__TASK ITEM__:
Exact copy, no pictures: return all the data below as written.

--- AVAILABLE DATA ---

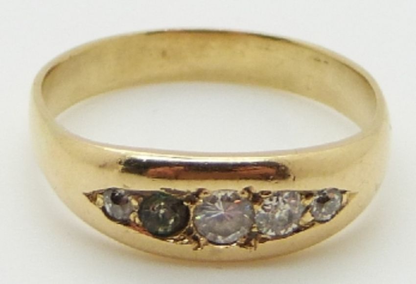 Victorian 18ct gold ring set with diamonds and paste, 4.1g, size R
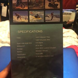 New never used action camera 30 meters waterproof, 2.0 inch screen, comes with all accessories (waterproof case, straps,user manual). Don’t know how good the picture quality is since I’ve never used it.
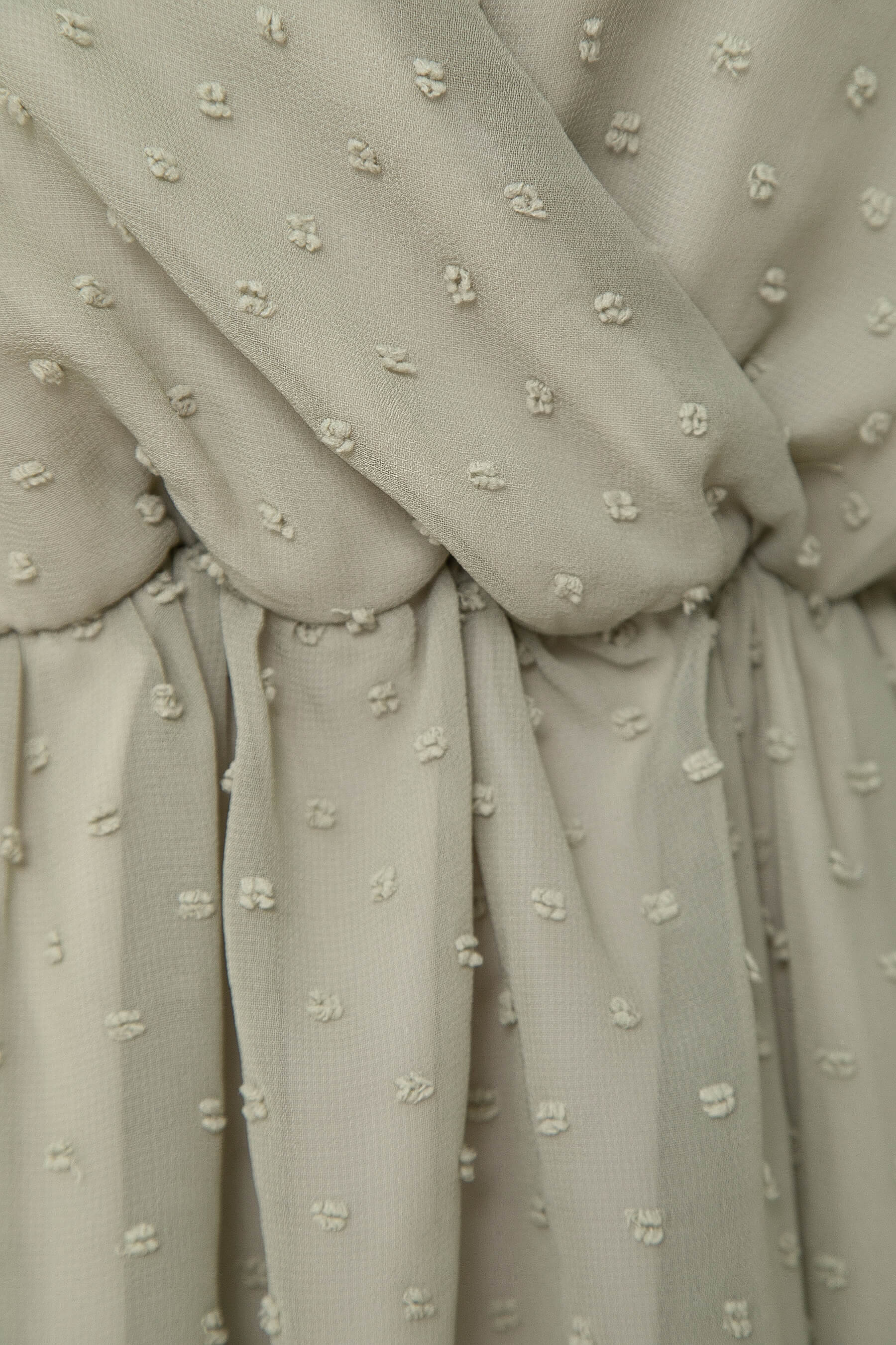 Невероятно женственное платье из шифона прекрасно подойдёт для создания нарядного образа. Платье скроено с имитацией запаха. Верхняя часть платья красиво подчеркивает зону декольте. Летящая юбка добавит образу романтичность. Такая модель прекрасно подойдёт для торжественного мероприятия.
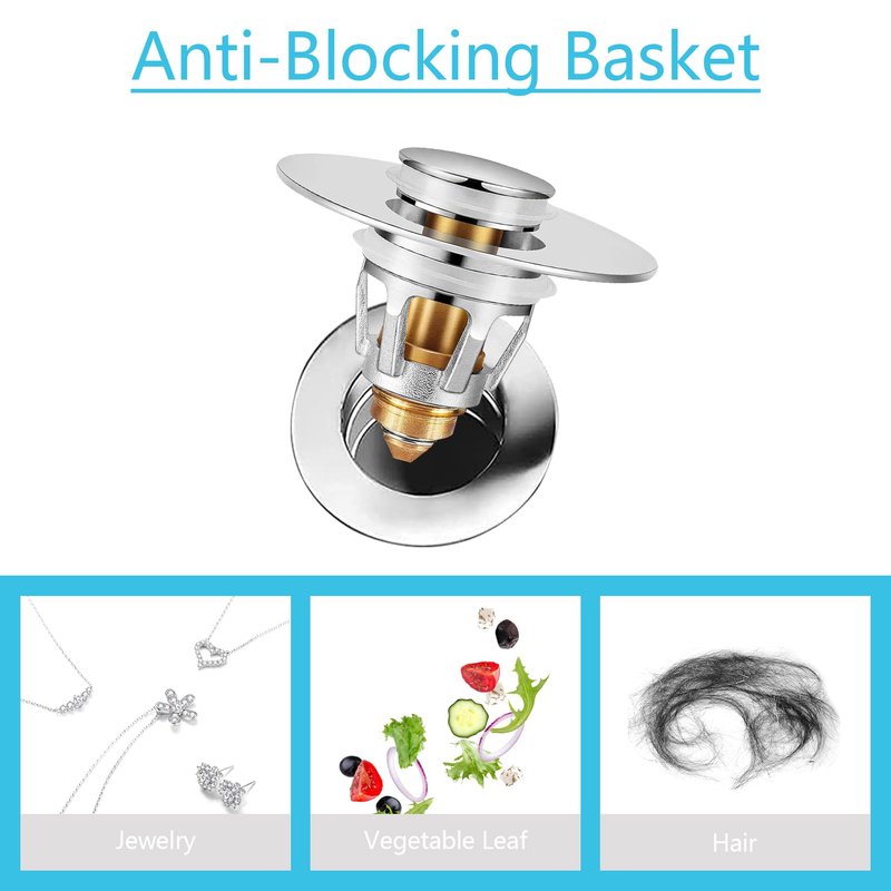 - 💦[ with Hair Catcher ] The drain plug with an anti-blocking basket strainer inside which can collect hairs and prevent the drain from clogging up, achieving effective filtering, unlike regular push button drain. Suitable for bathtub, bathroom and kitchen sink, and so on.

---

__COMPLETED TASK__:
 Victorian 18ct gold ring set with diamonds and paste, 4.1g, size R
 New never used action camera 30 meters waterproof, 2.0 inch screen, comes with all accessories (waterproof case, straps,user manual). Don’t know how good the picture quality is since I’ve never used it.
 Невероятно женственное платье из шифона прекрасно подойдёт для создания нарядного образа. Платье скроено с имитацией запаха. Верхняя часть платья красиво подчеркивает зону декольте. Летящая юбка добавит образу романтичность. Такая модель прекрасно подойдёт для торжественного мероприятия.
 - 💦[ with Hair Catcher ] The drain plug with an anti-blocking basket strainer inside which can collect hairs and prevent the drain from clogging up, achieving effective filtering, unlike regular push button drain. Suitable for bathtub, bathroom and kitchen sink, and so on.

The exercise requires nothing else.